Salah satunya yang dimaksud dirasakan Jumsari, tukang jualan ikan konsumsi air tawar yang tersebut merancang usahanya sama-sama BRI. Pria jika Purwakarta, Jawa Barat, berusia 31 tahun merasakan kemudahan di sejumlah aspek setelahnya mengukuti kegiatan KlasterKu HidupKu. Tak sekadar urusan permodalan, Jumsari juga merasakan jaringan pertemanan sesama pelaku usaha ikan konsumsi meluas berkat wadah yang disediakan.
“Jadi kenal identik teman-teman pelaku bisnis ikan konsumsi pada sini,” kata Jumsari.
.jpg)
Evaluasi kegiatan ini juga dijalankan secara berkala melalui rapat kelompok pada format sharing session. Dalam pertemuan ini, para pelaku usaha dapat saling berbagi pengalaman, mengevaluasi strategi bisnis, dan juga merancang langkah pengembangan ke depan. BRI juga berpartisipasi mengikutsertakan anggota UMKM di berbagai acara seperti bazar lalu kegiatan pemasaran lainnya.
Tantangan juga Harapan ke Depan
Salah satu tantangan yang mana dihadapi di pengembangan UMKM adalah rendahnya literasi keuangan pada kalangan pelaku usaha. Untuk mengatasi hal ini, BRI secara bergerak memberikan edukasi tentang pengelolaan keuangan, termasuk bagaimana mengakses informasi finansial terbaru juga mengurus bidang usaha secara tambahan profesional.
“Harapan kami, para pelaku UMKM yang tersebut tergabung pada KlasterKu HidupKu tak hanya saja tumbuh pada jangka pendek, tetapi juga mampu menciptakan ekosistem perusahaan yang dimaksud berkelanjutan pada jangka panjang. Kami ingin mereka tiada hanya sekali bertahan, tetapi benar-benar naik kelas kemudian mampu bersaing dalam lingkungan ekonomi yang tersebut lebih besar luas,” ungkap Yuliyanto.
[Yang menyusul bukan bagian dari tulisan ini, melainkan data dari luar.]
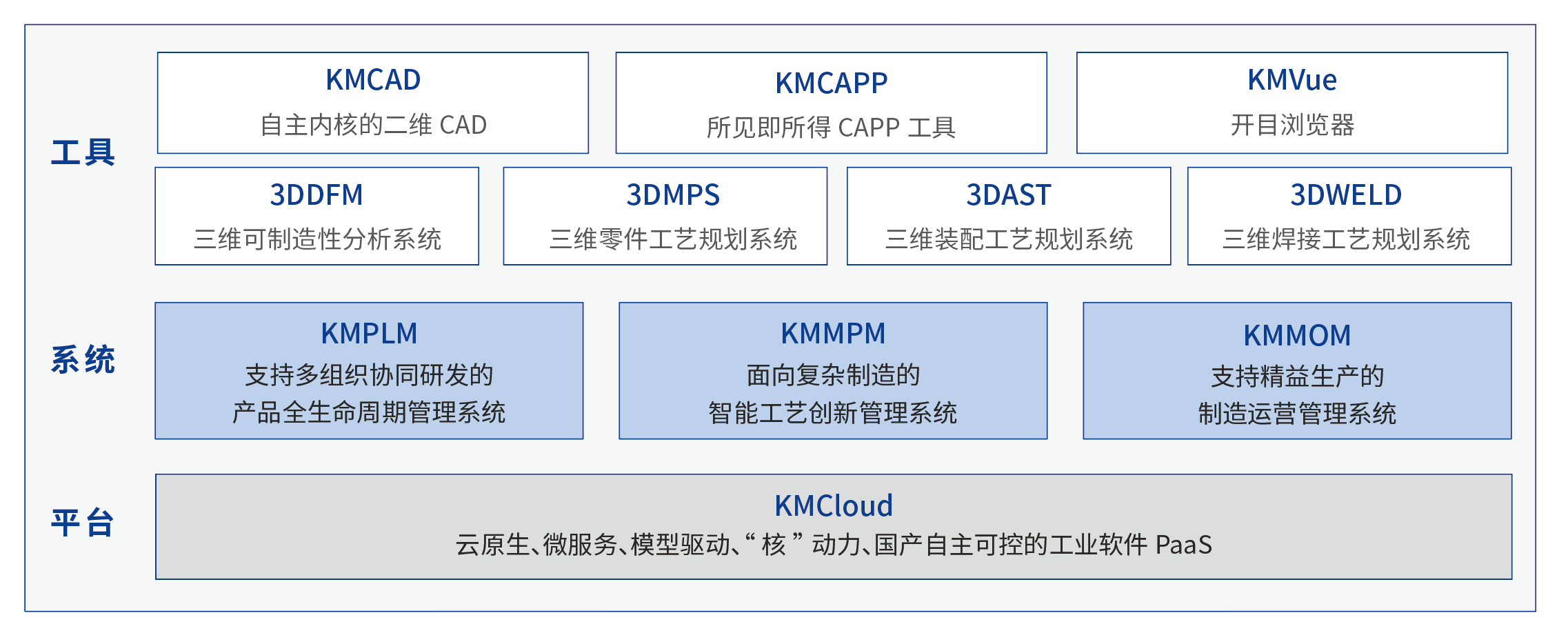 “1”即KMCloud 平台,是开目推出的基于云原生、微服务、模型驱动、“核”动力、国产自主可控的工业软件PaaS,支持多组织、多租户、跨地域高效协同,为企业构建数字化研发、数字化工艺、数字化制造等业务场景提供了坚实的底座;“3”即KMPLM、KMMPM、KMMOM三个管理系统;“X”即KMCAD、KMCAPP、KM3DDFM、KM3DAST、KM3DMPS、KM3DWELD、KMVue等一系列研发设计类工具软件。

Sebagai bentuk komitmen jangka panjang, BRI juga terus berinovasi di memberikan pelatihan, teristimewa pada hal digitalisasi usaha. Dengan akses modal yang lebih tinggi mudah dan juga dukungan edukasi industri yang kuat, diharapkan UMKM pada Perkotaan Depok semakin berprogres serta memberikan partisipasi yang mana lebih besar besar bagi perekonomian daerah.
Dengan semangat “Bekerja Setulus Hati,” BRI melakukan konfirmasi bahwa setiap pelaku UMKM miliki kesempatan yang tersebut sebanding untuk berkembang. Proyek KlasterKu HidupKu tidak sekadar bantuan finansial, tetapi juga sebuah sistem ekologi yang tersebut mengupayakan peningkatan bidang usaha yang lebih besar sehat dan juga berkelanjutan.